Leonel
Señor director:
El presidente Leonel Fernàndez aunció que haría inversiones en la gente, y eso ha caído mal entre algunos de los comentaristas que son opositores.
En su reciente viaje a Nueva York, el presidente Fernández dijo lo que no querían escuchar quienes todo lo manipulan.
El presidente Fernández exdijo que el gobierno, por haber soltado ciertas amarras, ha podido recuperar su capacidad de respuesta a las demandas de la población, la percepción se le ha tornado favorable. Esto es importante, porque mucha gente estará satisfecha, y eso es lo que no toleran algunos.
Muchos esperaban que él no hiciera nada por la victoria de Danilo Medina, para luego decir que el PLD, como partido, se acabó, que se lo comió la división.
Los opositores del PLD saben que con un gobierno activo trabajando en beneficio de la población se acelera la caída en los numeritos que ha venido experimentando un candidato que tenía como única razón para lucir puntero la del deterioro de imagen que le ocasionaba a la gestión gubernamental el efecto de las las restricciones que recortaron el gasto de inversión pública.
Ahora tendrán que gritar que el presidente no debió hacer o decir eso.
Apostaban al desastre, y perdieron la apuesta.
Atentamente,
Rafael Fernández P.
Santo Domingo
Los delincuentes
Señor director:
Para el próximo mes, el mes de noviembre, de seguro se discutirá en grande la modificación del Código Procesal Penal, que tengo que decir que es una necesidad.

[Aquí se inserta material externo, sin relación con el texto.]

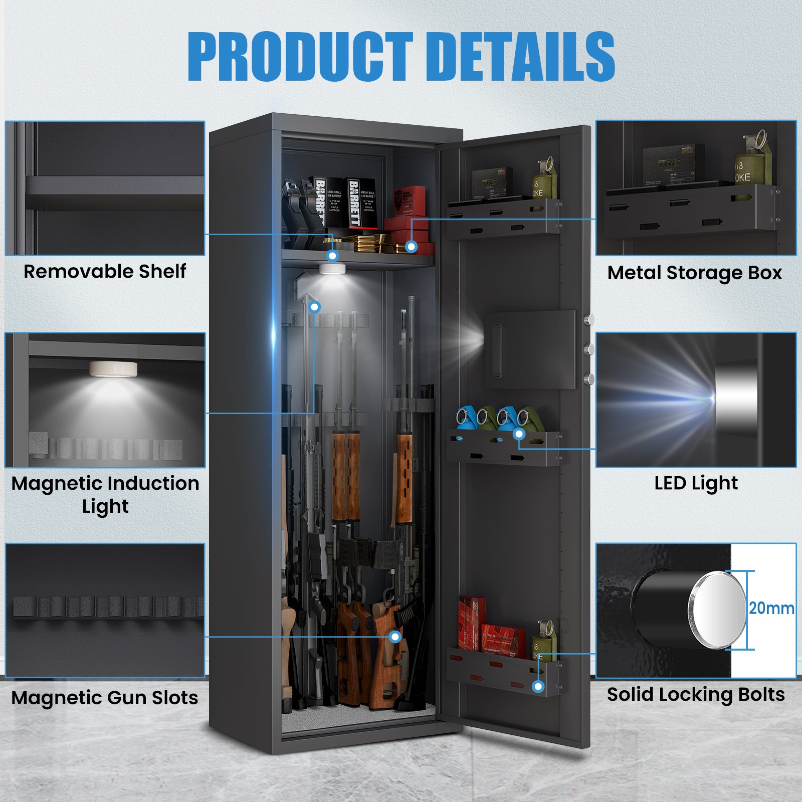 - 【Larger and Deeper Gun Safes for Home Rifle and Pistols】 Exterior Dimensions: 15.35"D x 21.06"W x 51.96"H. Our safe accommodates for up to 10-12 guns.With 3 magnetic gun supporta and a convenient removable shelf, you can remove the shelf as needed. The door has 3 adjustable ammo boxs for storing bullets, money and other valuables.

La gente no quiere que los delincuentes se sigan saliendo con la suya, porque es mucha la gente inocente que ha caído con esa carga de violencia.

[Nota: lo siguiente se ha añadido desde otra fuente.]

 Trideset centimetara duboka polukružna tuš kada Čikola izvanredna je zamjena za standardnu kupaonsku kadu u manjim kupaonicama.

El próximo año, ojalá que todo esté consumado y que las leyes sean distintas, porque es necesario que quienes cometen fechorías no puedan escabullirse, que tengan que rendir cuentas.
Lo digo, porque vivo en un barrio donde hay dos delincuentes que entran y salen de la cárcel cuando les conviene, porque muchas veces quieren enfriarse y siempre encuentran quién los saque. Tienen el barrio en zozobra, y así hay muchos. ¿Por qué tenemos que ser tan permisivos?